■ WORK REQUIRED: Below this line is a listing that includes pictures. Copy exactly, and only, the lines from the one containing "Many years ago" through the one containing "tattoo gloves |"; the pictures do not go in the copy.

■ DATA PROVIDED:

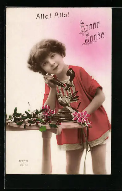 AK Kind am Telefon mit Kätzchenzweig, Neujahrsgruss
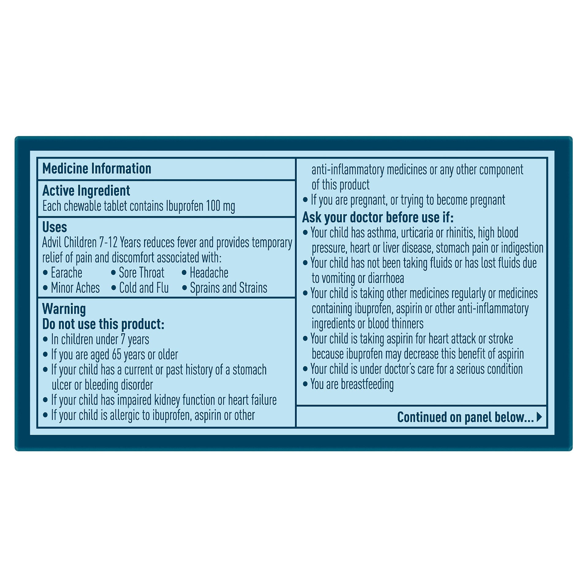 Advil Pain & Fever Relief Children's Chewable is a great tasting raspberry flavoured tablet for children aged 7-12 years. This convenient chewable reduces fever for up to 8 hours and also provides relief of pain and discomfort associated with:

...

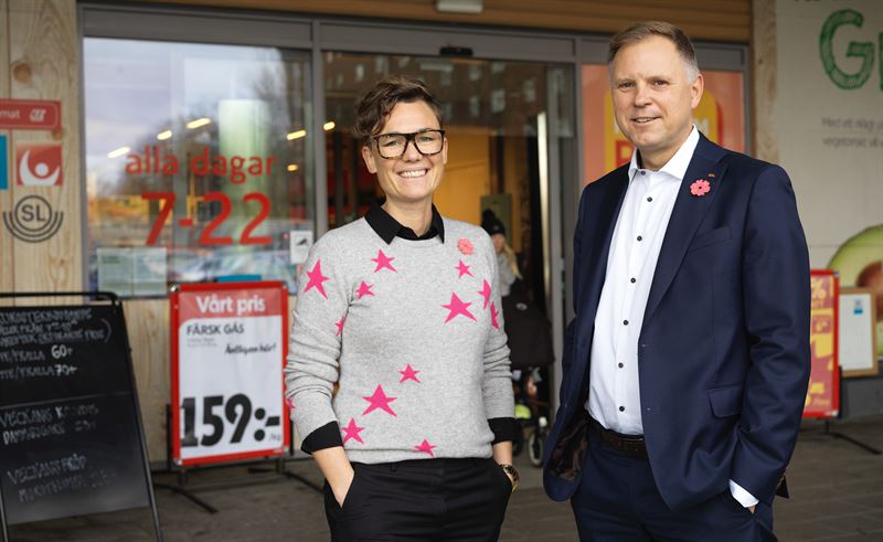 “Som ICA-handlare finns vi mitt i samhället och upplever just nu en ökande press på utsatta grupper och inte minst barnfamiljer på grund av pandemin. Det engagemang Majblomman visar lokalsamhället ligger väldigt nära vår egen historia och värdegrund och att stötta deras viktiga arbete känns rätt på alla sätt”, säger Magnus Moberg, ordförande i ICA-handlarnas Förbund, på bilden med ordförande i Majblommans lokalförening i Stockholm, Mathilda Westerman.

--

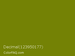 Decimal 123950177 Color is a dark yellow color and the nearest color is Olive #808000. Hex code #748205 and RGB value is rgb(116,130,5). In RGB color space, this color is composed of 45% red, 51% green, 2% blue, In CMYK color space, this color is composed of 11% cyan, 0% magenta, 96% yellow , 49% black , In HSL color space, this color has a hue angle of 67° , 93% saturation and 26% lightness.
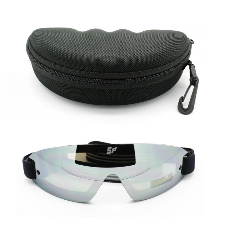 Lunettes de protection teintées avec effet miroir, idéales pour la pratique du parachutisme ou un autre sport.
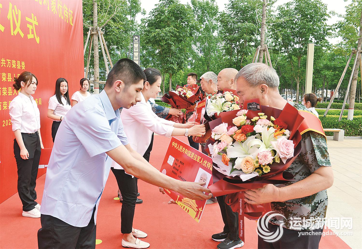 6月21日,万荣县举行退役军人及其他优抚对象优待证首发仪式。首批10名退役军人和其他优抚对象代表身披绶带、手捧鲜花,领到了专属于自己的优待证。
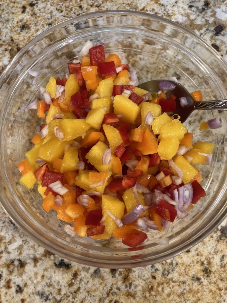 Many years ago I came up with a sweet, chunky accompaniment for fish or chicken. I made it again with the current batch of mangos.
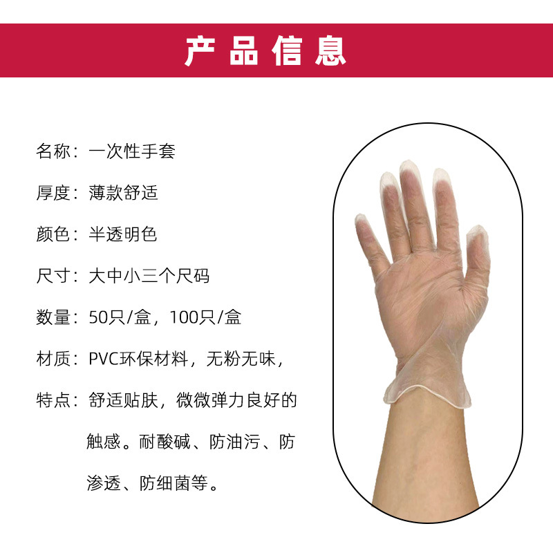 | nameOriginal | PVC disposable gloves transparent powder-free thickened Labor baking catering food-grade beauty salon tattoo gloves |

■ RESULT:
 Many years ago I came up with a sweet, chunky accompaniment for fish or chicken. I made it again with the current batch of mangos.
 | nameOriginal | PVC disposable gloves transparent powder-free thickened Labor baking catering food-grade beauty salon tattoo gloves |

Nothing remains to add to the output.